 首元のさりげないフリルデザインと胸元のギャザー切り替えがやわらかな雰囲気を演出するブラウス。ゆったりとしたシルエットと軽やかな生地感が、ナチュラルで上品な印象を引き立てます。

...

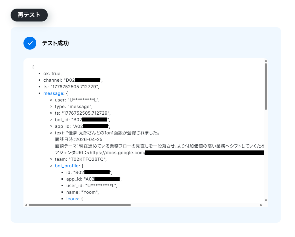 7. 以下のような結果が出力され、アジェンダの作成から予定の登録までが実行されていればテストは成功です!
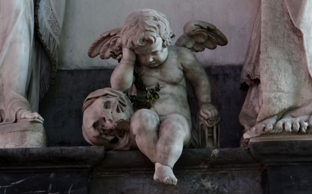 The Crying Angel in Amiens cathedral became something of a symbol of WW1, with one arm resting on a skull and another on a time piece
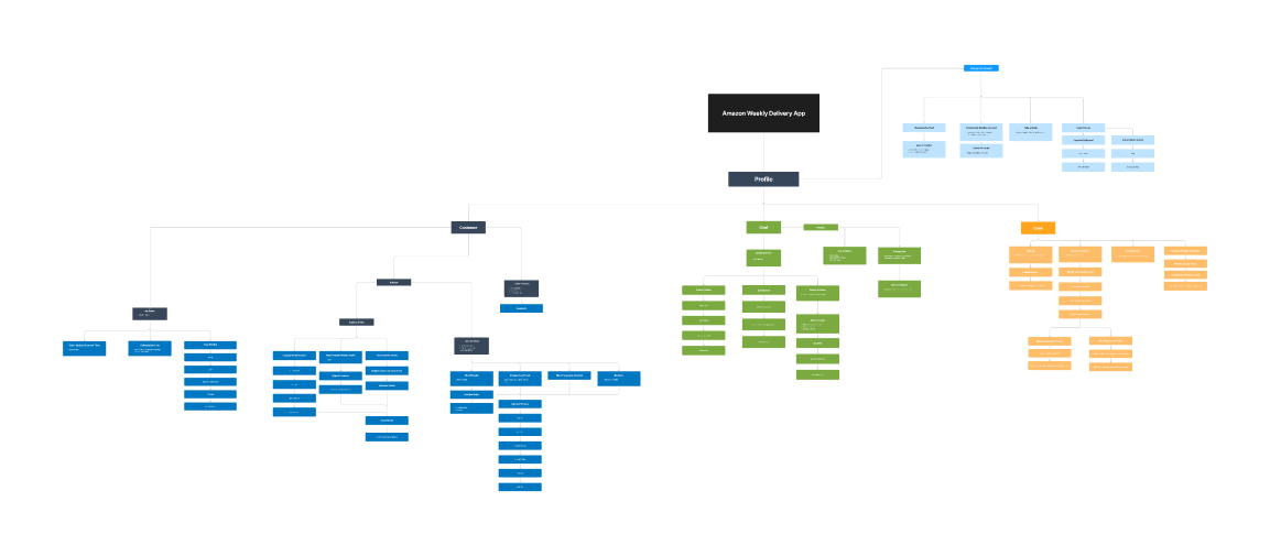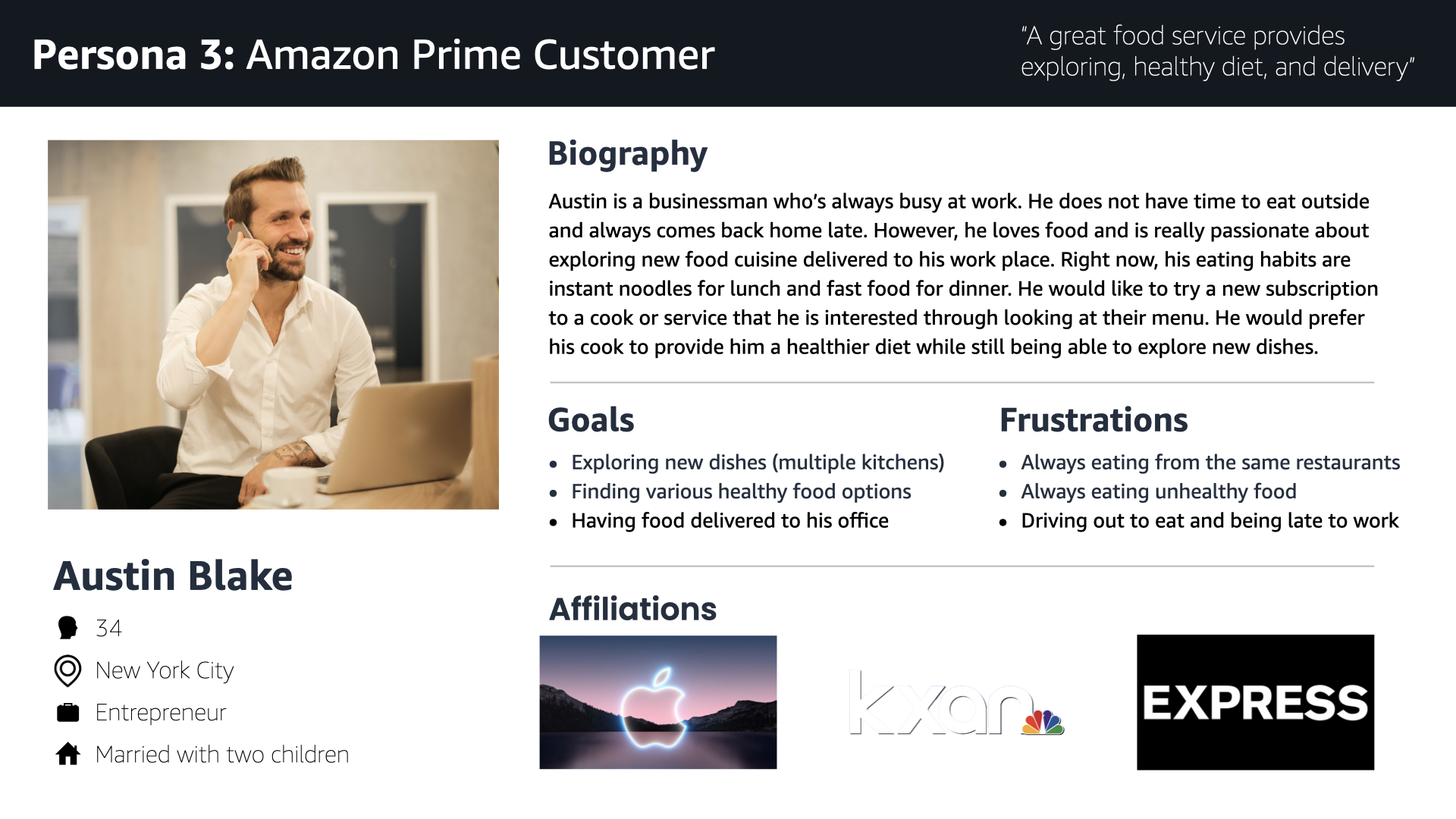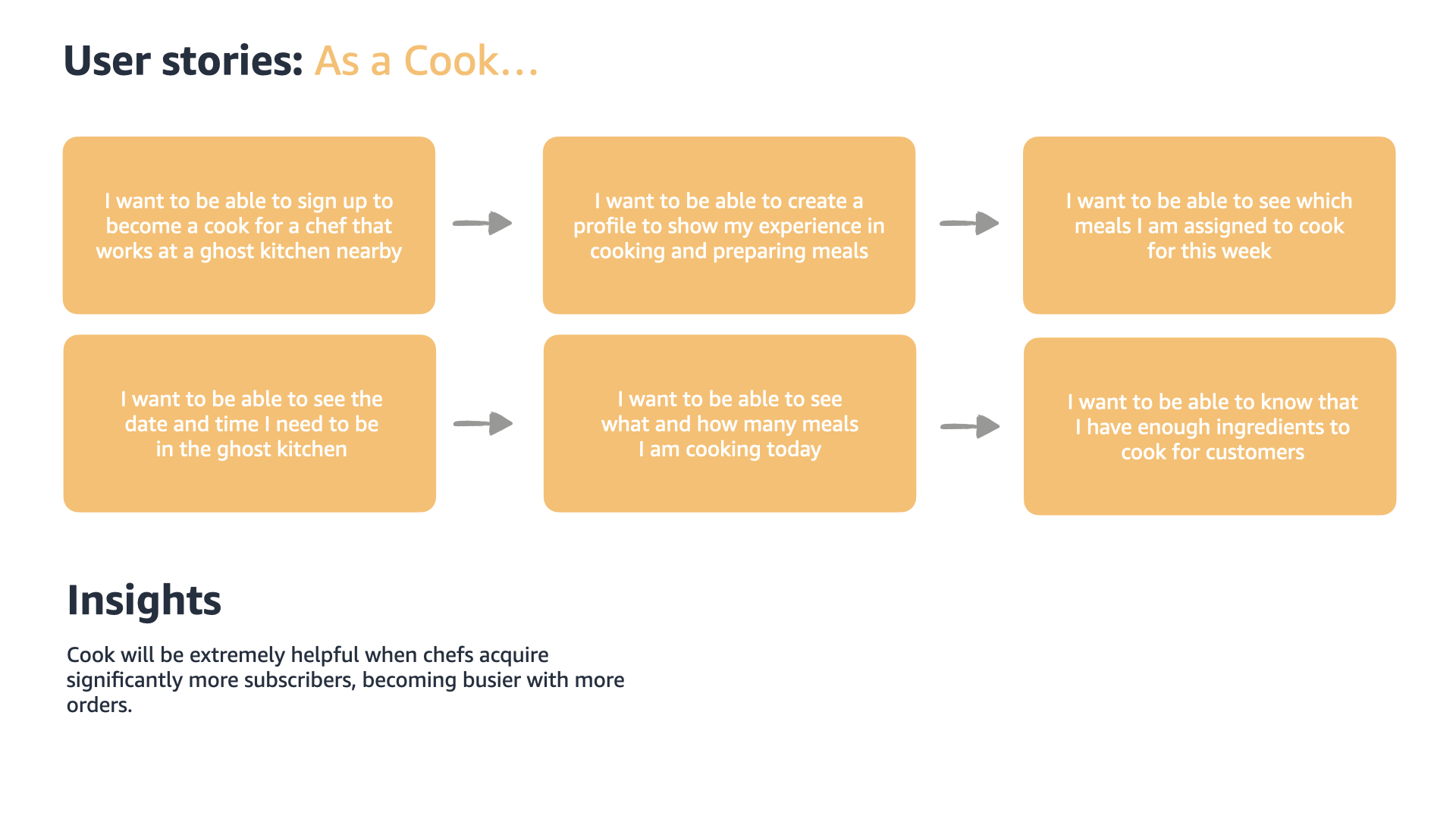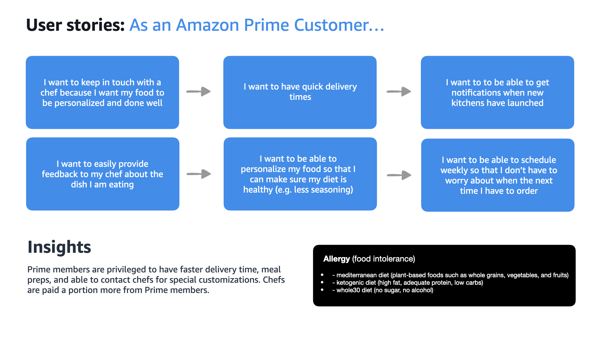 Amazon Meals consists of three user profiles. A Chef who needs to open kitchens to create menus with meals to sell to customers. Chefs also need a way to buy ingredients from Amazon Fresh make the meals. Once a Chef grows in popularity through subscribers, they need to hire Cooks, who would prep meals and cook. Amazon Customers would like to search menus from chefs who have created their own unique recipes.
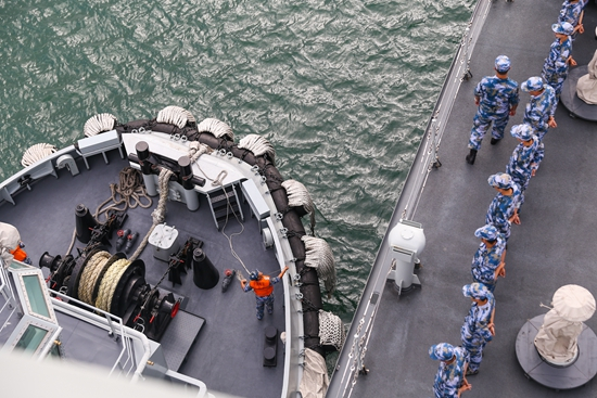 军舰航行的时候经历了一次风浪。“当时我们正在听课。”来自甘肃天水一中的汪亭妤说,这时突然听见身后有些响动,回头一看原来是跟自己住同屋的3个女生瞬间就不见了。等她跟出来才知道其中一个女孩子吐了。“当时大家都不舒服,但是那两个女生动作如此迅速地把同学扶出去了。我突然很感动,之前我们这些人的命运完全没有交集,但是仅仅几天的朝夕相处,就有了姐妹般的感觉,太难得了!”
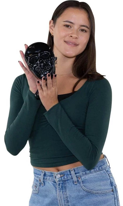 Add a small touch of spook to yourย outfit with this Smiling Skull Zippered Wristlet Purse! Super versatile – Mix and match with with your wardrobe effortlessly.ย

* * *

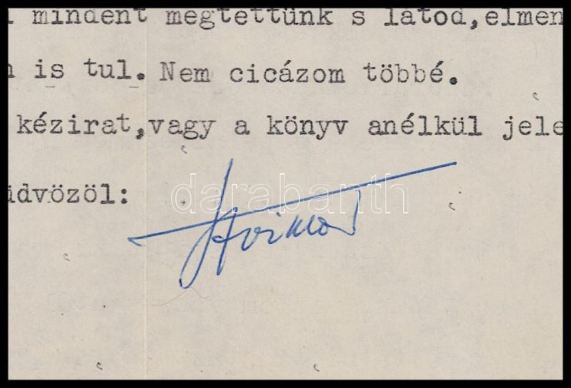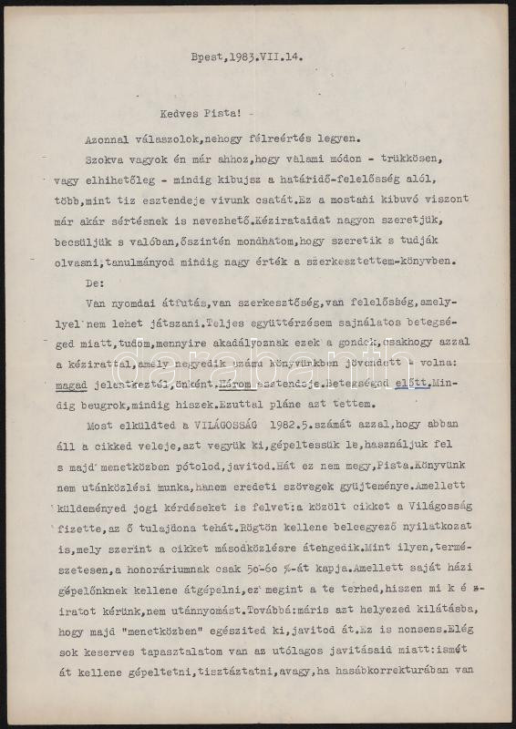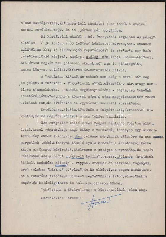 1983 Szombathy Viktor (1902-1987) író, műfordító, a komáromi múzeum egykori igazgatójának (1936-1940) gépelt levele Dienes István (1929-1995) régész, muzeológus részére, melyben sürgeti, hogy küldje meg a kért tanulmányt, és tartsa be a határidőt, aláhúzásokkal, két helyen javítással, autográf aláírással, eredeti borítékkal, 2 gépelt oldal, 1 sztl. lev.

* ASSIGNMENT:
Please output the lines above beginning at the line with "7. 以下のような結果が出力" and ending after the line with "The Crying Angel", precisely as written and with no pictures.

* RESPONSE:
 7. 以下のような結果が出力され、アジェンダの作成から予定の登録までが実行されていればテストは成功です!
 The Crying Angel in Amiens cathedral became something of a symbol of WW1, with one arm resting on a skull and another on a time piece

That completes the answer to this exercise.